*** Opening of The records ***
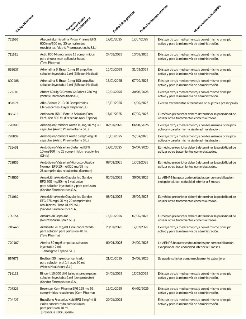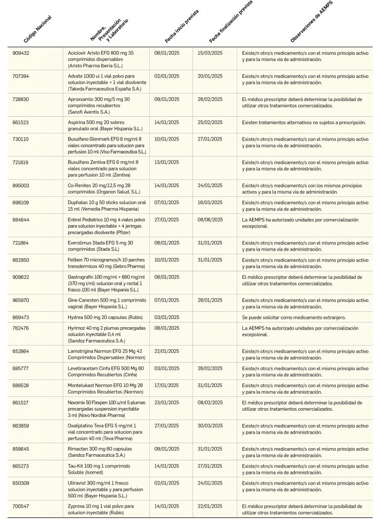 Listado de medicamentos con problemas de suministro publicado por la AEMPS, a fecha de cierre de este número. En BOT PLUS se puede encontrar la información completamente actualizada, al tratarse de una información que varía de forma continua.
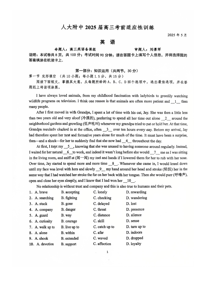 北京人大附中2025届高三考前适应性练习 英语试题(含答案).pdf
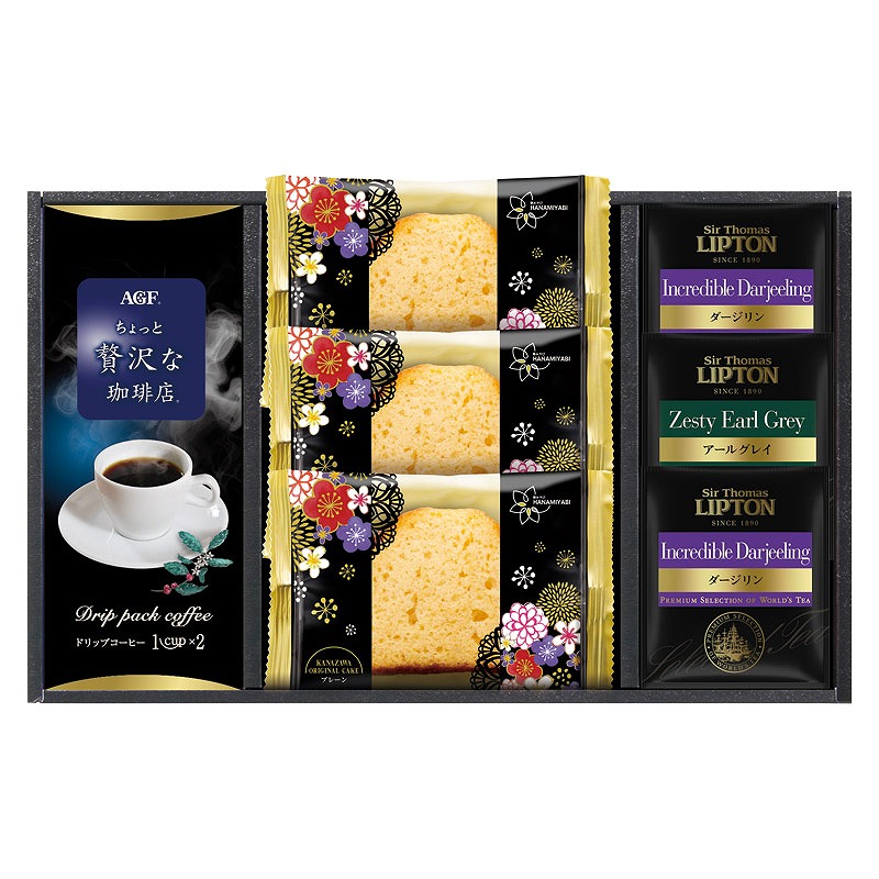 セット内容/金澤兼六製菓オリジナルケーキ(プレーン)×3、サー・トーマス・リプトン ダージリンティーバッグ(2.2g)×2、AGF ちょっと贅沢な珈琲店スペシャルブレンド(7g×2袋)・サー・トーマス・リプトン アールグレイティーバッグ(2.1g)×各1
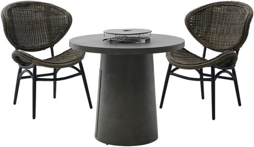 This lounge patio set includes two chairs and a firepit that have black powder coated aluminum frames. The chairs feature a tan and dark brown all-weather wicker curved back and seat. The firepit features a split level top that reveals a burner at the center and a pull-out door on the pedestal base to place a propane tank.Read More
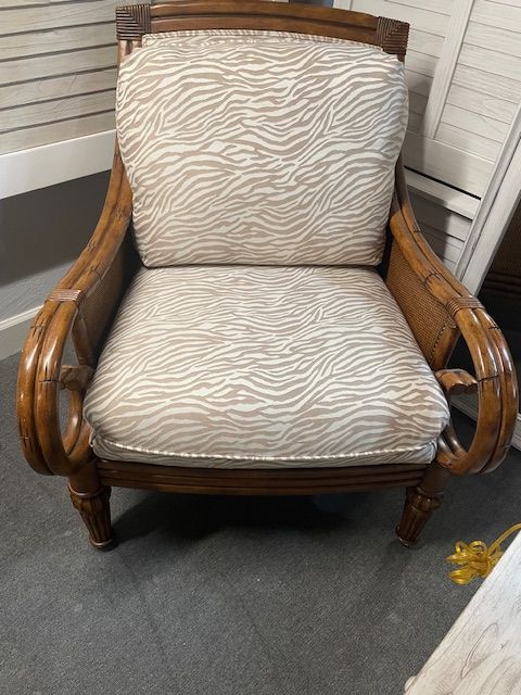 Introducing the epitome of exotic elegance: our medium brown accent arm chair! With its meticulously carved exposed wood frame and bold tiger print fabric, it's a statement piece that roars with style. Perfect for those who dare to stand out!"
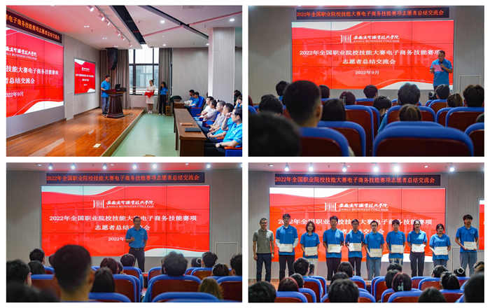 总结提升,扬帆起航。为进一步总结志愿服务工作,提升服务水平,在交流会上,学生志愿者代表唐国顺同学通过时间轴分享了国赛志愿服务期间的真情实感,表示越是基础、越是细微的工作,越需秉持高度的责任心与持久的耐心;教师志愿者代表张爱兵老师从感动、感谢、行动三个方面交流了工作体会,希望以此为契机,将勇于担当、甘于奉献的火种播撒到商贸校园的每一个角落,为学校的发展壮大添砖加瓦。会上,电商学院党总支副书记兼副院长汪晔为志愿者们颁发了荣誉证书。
*** Close of The records ***
**Exercise**
Each line from the one with "Introducing the epitome" to the final line of the data above is to be printed exactly; no picture should appear in the copy.

**Written reply**
 Introducing the epitome of exotic elegance: our medium brown accent arm chair! With its meticulously carved exposed wood frame and bold tiger print fabric, it's a statement piece that roars with style. Perfect for those who dare to stand out!"
 总结提升,扬帆起航。为进一步总结志愿服务工作,提升服务水平,在交流会上,学生志愿者代表唐国顺同学通过时间轴分享了国赛志愿服务期间的真情实感,表示越是基础、越是细微的工作,越需秉持高度的责任心与持久的耐心;教师志愿者代表张爱兵老师从感动、感谢、行动三个方面交流了工作体会,希望以此为契机,将勇于担当、甘于奉献的火种播撒到商贸校园的每一个角落,为学校的发展壮大添砖加瓦。会上,电商学院党总支副书记兼副院长汪晔为志愿者们颁发了荣誉证书。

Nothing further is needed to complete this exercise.